UPDATE: This riding poll says that Elizabeth May is leading in the riding and is projected to win.
That quote was from Don Newman, it is blatant shilling, and here’s why:
- If your riding is overwhelmingly Conservative or Liberal or NDP no matter which way you vote, voting NDP does nothing toward a Harper majority.
- If your riding is a toss-up, then a vote for the NDP:
- If the riding goes NDP, then your vote helped stop a majority.
- If it goes Liberal, then your vote didn’t matter.
- Only if it goes Conservative and the Liberal candidate lost by a smallish margin, can you say what Newman did.
So only in a few ridings will an NDP vote potentially help the dreaded majority. (And even there, you can get around holding your nose and voting for someone from a party that you don’t like by pairing your vote.)
Don Newman is a veteran broadcaster according to the Globe & Mail, and should know better – he does know better. So he’s using misinformation to scare people into voting Liberal.
NOTE:
The Bloc has also done this, but I don’t think Don Newman is a big Bloc supporter.
UPDATE: And for those of you in Saanich-Gulf Islands, it looks like the best chance to unseat Conservative Gary Lunn is Green Party Leader Elizabeth May, currently projected to win the riding.

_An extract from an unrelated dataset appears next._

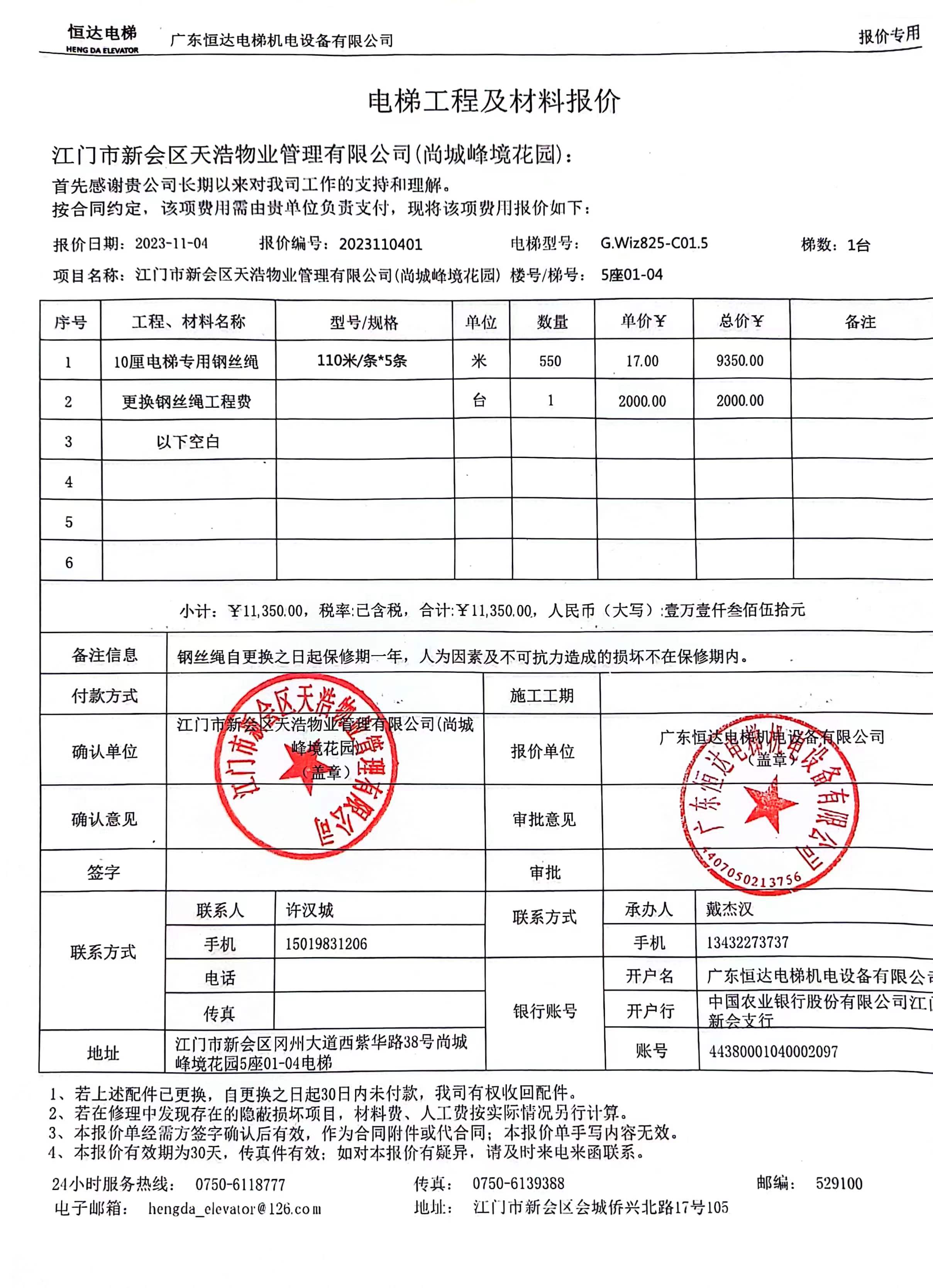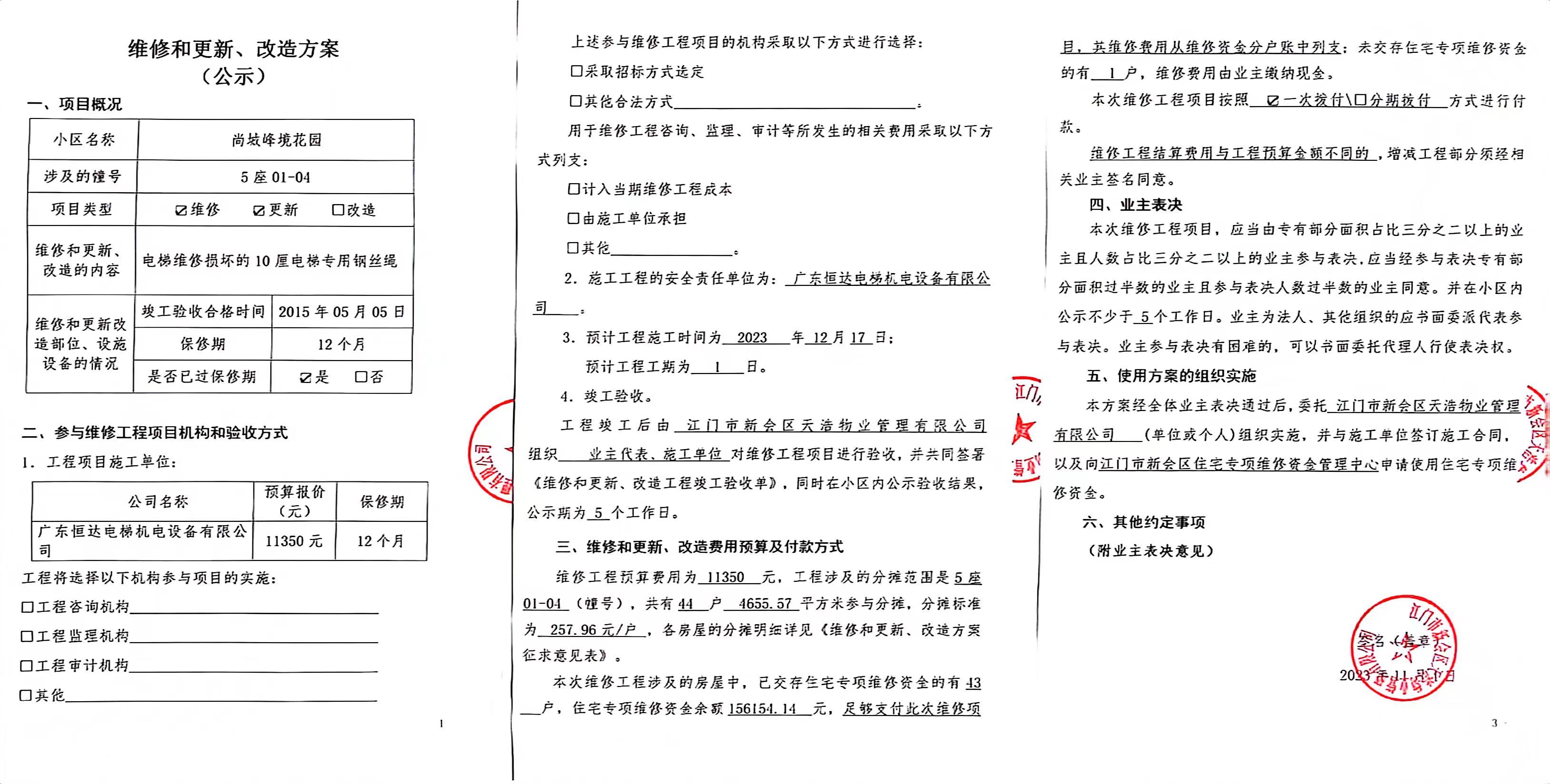 <td VALIGN="top" VALUES="" STYLE="border-width:0" BINDTYPE="0" ROWSPAN="19" COLSPAN="7" DATASOURCE="投票结果" ><font style="font-size:14pt;"><p style="white-space: normal; font-family: 宋体; line-height: 1.75em;">尚城峰境花园尚城峰境花园5座全体业主:</p><p style="white-space: normal; font-family: 宋体; line-height: 1.75em; text-indent: 2em;">本小区关于尚城峰境花园5座01-04电梯(梯粤JX4356)更换电梯专用钢丝绳使用维修资金的投票的投票已表决结束,询异时间从2023年12月12日开始,投票询异公示期间,业主可通过微信查询自己的表决情况或可凭身份证件申请查询自己的表决情况;如公示的业主表决情况与查询的本人表决意见不一致的,可以以书面形式向投票组织机构申诉,投票组织机构予以纠正并重新公示表决结果。异议提出人对投票组织机构的处理仍有异议的,可以向街道办事处(镇人民政府)反映处理,涉及住宅专项维修资金的,可向属地住宅专项维修资金管理中心反映处理。</p><p style="white-space: normal;"><br/></p><p style="white-space: normal; font-family: 宋体; line-height: 1.75em;"><strong>附件:</strong></p><p style="white-space: normal; font-family: 宋体; line-height: 1.75em;"><strong>一、投票范围</strong></p><p style="white-space: normal; font-family: 宋体; line-height: 1.75em; text-indent: 2em;">尚城峰境花园尚城峰境花园5座</p><p style="white-space: normal; font-family: 宋体; line-height: 1.75em; text-indent: 2em;">总人数(专有部分人数之和):44</p><p style="white-space: normal; font-family: 宋体; line-height: 1.75em; text-indent: 2em;"><span style="font-family: 宋体, SimSun;">总户数:44</span></p><p style="white-space: normal; font-family: 宋体; line-height: 1.75em; text-indent: 2em;">建筑物总面积(专有部分面积之和):4655.57㎡</p><p style="white-space: normal; font-family: 宋体; line-height: 1.75em;"><strong>二、询异公示起止时间</strong></p><p dir="ltr" style="white-space: normal; font-family: 宋体; line-height: 1.75em; text-indent: 2em;"><span style="text-indent: 36px;">2023年12月12日至2023年12月18日</span></p><p style="white-space: normal; font-family: 宋体; line-height: 1.75em;"><strong>三、投票详细描述</strong></p><p style="white-space: normal; font-family: 宋体; line-height: 1.75em; text-indent: 2em;"><p><span style="font-family: "Helvetica Neue", Helvetica, Arial, sans-serif; font-size: 14px; text-wrap: wrap; background-color: rgb(255, 255, 255);">尚城峰境花园5座01-04的电梯(梯粤JX4356)10厘电梯专用钢丝绳,经检查确认为</span><span style="font-family: "Helvetica Neue", Helvetica, Arial, sans-serif; font-size: 14px; text-wrap: wrap; background-color: rgb(255, 255, 255);">10厘电梯专用钢丝绳</span><span style="font-family: "Helvetica Neue", Helvetica, Arial, sans-serif; font-size: 14px; text-wrap: wrap; background-color: rgb(255, 255, 255);">损坏,维修和更新改造部位、设施设备已过保修期。现需申请使用维修资金对5座01-04电梯进行维修,工程维修预算金额为11350元,项目最终费用以施工合同签订金额为准。维修费用的分摊标准为按分户分摊,每户分摊257.96元,详见公示附件。如业主手机不能正常通过微信投票,请联系物业公司进行线下纸质投票,物业电话:0750-6682300</span></p></p><p style="white-space: normal; font-family: 宋体; line-height: 1.75em;"><strong>四、计票规则</strong></p><p style="white-space: normal; font-family: 宋体; line-height: 1.75em; text-indent: 2em;">表决事项:使用建筑物及其附属设施的维修资金<br /><p style='text-align: left; font-family: 宋体; font-size: 16px; line-height: 1.75em; text-indent: 2em;'>计票规则:弃权票不并入其它项 未表决票不并入其它项</p></p><p style="white-space: normal; font-family: 宋体; line-height: 1.75em;"><strong>五、通过规则</strong></p><p style="white-space: normal; font-family: 宋体; line-height: 1.75em;"><strong><strong style="white-space: normal;"><span style="font-family: 宋体, SimSun;">&nbsp; 根据《中华人民共和国民法典》第二百七十八条规定:业主共同决定事项,应当由专有部分面积占比三分之二以上的业主且人数占比三分之二以上的业主参与表决。</span></strong></strong></p><p style="white-space: normal; font-family: 宋体; line-height: 1.75em; text-indent: 2em;">表决事项:使用建筑物及其附属设施的维修资金<br /><p style='text-align: left; font-family: 宋体; font-size: 16px; line-height: 1.75em; text-indent: 2em;'>通过规则:参与表决专有部分面积过半数的业主且参与表决人数过半数的业主同意</p></p><p style="white-space: normal; font-family: 宋体; line-height: 1.75em;"><strong>六、投票结果</strong></p><p style="white-space: normal; font-family: 宋体; line-height: 1.75em; text-indent: 2em;"><div id='resultTable'><table style='table-layout: fixed; font-size:12px; margin-top:10px' width='100%' border='0' cellspacing='0' cellpadding='0'><tr><td height='28' colspan='10' align='center' style='border: 1px solid #666'><strong style='font-size: 14px;'> 使用建筑物及其附属设施的维修资金</strong></td> </tr><tr id='trfirst'><td height='28' colspan='4' style='border-left: 1px solid #666; border-bottom: 1px solid #666'><strong> 申报单位:</strong> 江门市新会区天浩物业管理有限公司</td><td colspan='3' style='border-left: 1px solid #666; border-bottom: 1px solid #666'><strong> 联系方式:</strong> </td><td colspan='3' style='border-left: 1px solid #666; border-bottom: 1px solid #666; border-right: 1px solid #666'><strong> 申报日期:</strong> 2023年11月10日 </td></tr><tr> <td height='28' colspan='5' style='border-left: 1px solid #666; border-bottom: 1px solid #666'><strong> 总人数(专有部分人数之和):</strong>44人 </td><td cols

Do you realize your power? Stephen Harper and his Conservatives do. That’s why they squashed on-campus polling stations. This young woman gets it:
“Youth can almost change the political landscape,” said Cooke, who’s excited to vote in her first election. “They have such different views than the people who do vote, it would be completely changed and more representative of the population.”
It would not take much to change the politics in this country, and you can do it.
15,000 swapped votes can change which party becomes government
Rick Mercer gets it. (He’s between a ‘young person’ and an ‘old fart,’ but not yet middle-aged, so not sure who he is. He’s hip but not a hipster.) But he completely understands how important it is for young folks to vote, both for the country and for themselves. His now-famous rant inspired vote mobs across Canada.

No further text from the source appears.